The above picture was taken moments after we got in the car from his first official holiday party. He was the youngest (barring a very, very tiny baby swaddled in a car seat) kid there and he spent the whole time smiling, running, and chasing after the older kids. He has a particular crush on a friend’s son — who treated him kindly, always making sure he was included, always giving him space and making sure he was safe. When the kids gathered around the table to decorate gingerbread cookies, the RRBB stood at the table until I got the message that he wanted to be included too. It was eye-opening to me, probably similar to what he’s like at daycare, happy to be around other kids, happy to be included, excited just to be there. The whole party was an incredibly fun experience for the children. But I was a little shell shocked. I always have trouble at parties. I’m awkward, terrible at making small talk, and feel uncomfortable. I kept thinking the whole time that I’m not entirely prepared for what my life demands. I know now not to feel guilty at all about daycare — he loves being around other kids. But I know I have to venture out and, gasp, do things with other parents. The shyness, the insecurity, well, that’s not going to be solved now. That’s a New Year’s Revolution, right?

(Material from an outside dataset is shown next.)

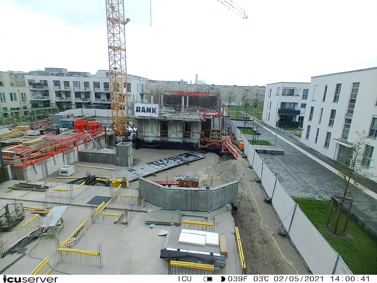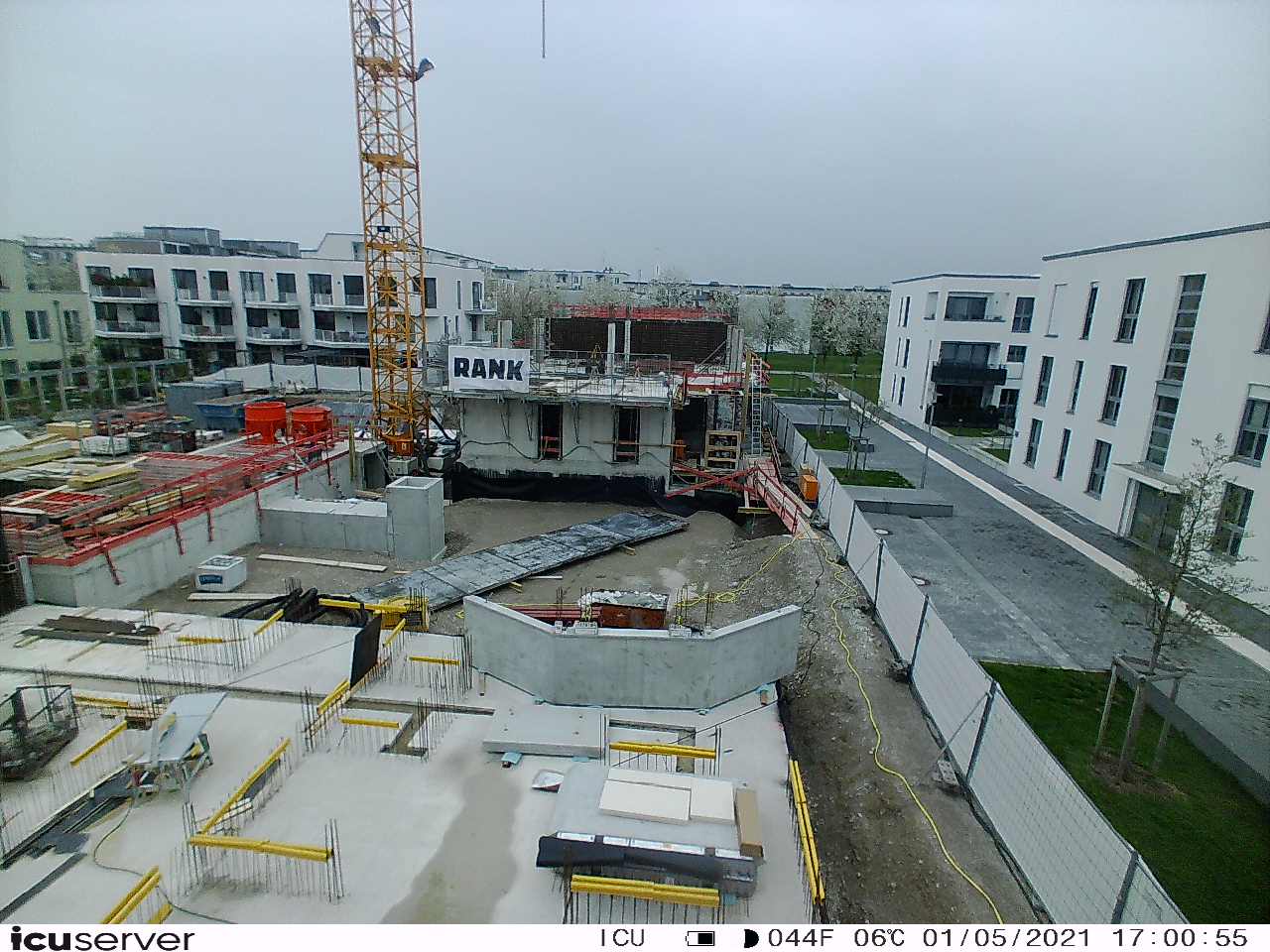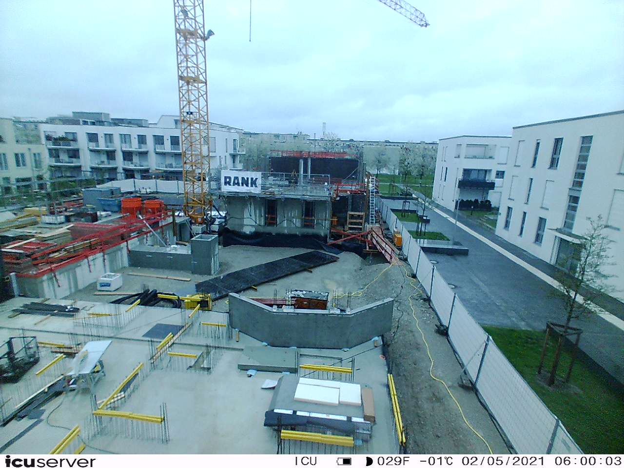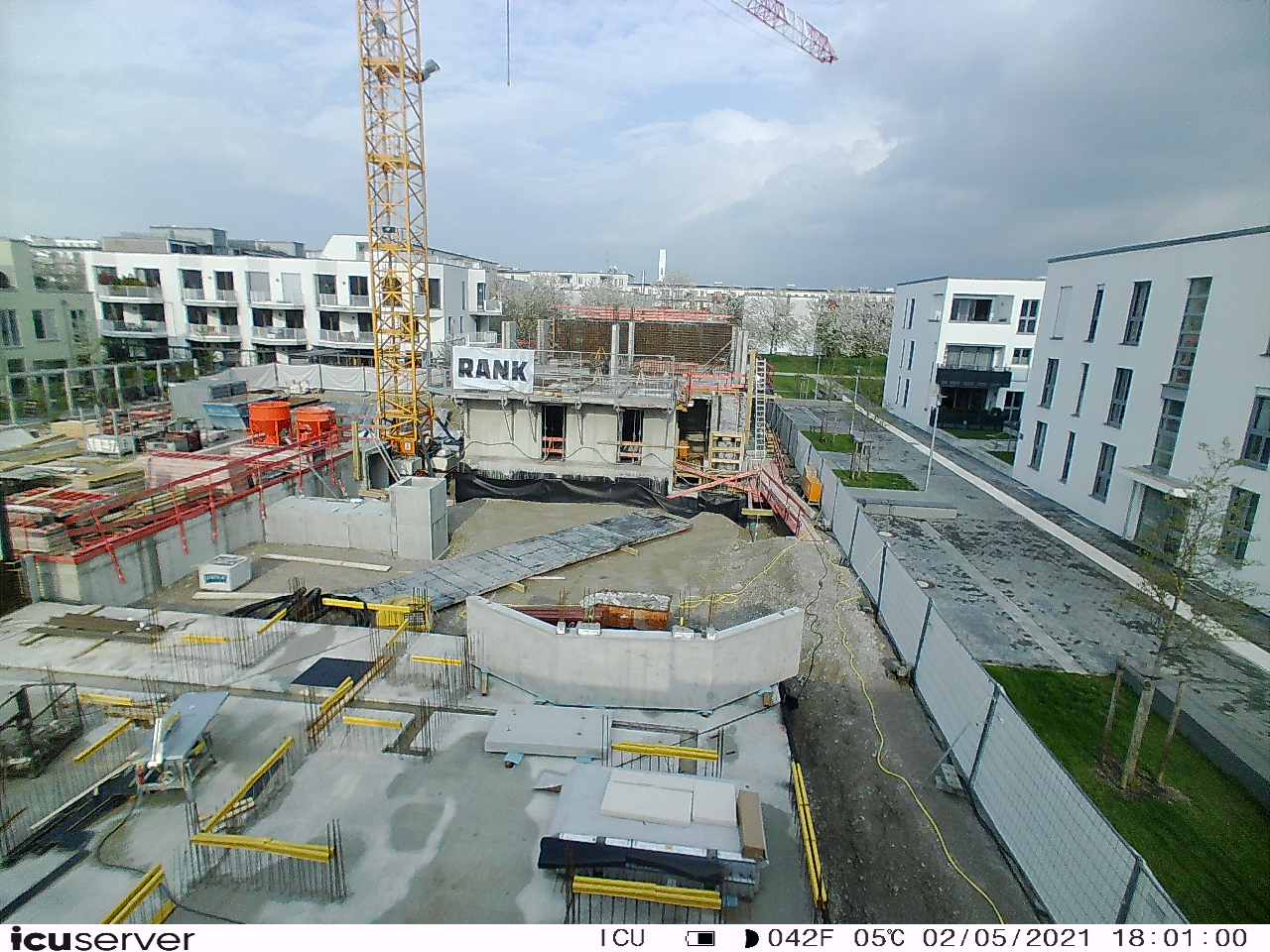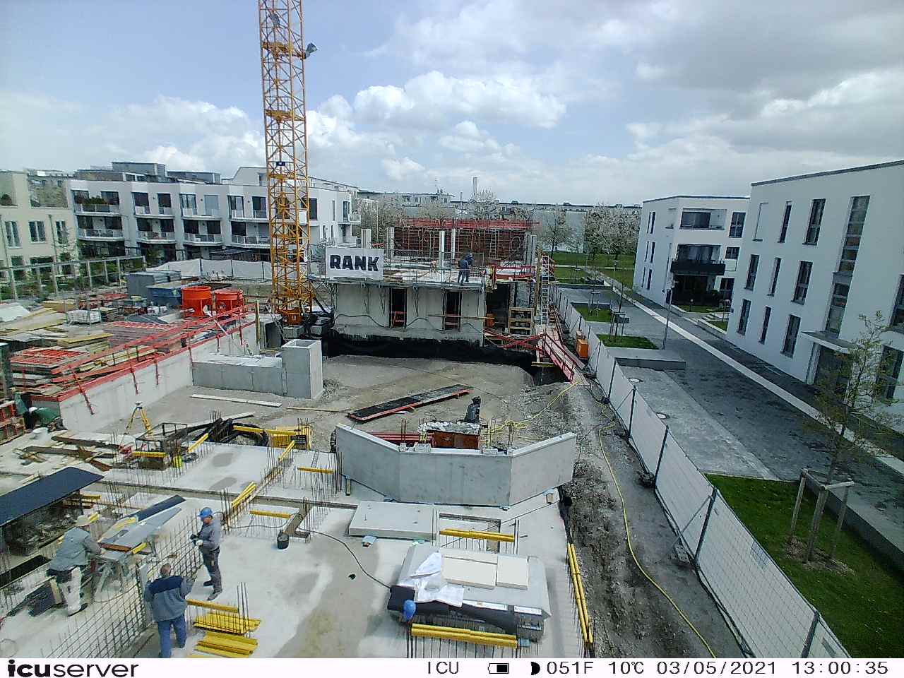 Die Kamera steht am westlichen Ende der Baustelle. Sie blickt nach Osten. Bilder: 26. Februar - 13. August 2021.

Regardless, I used to spend these weeks around the holidays stressed and totally nervous about everything being perfect. This year, simply because I wanted everything to be less — less stressful, less stuff, less overwhelming — life is calmer. Maybe I’m ruining my boy for life with our terrible, single Santa candle being the only decoration this year. But I’ve decided that we’re going to evolve as a family into our traditions. I don’t have to solve it all now. I don’t have to become Martha Stewart or the like. I can relax and get my strength back. I can hold our boy on Christmas morning and have it be just like any other day for now because, and I know it’s corny, but I am thankful for every single minute we have with him.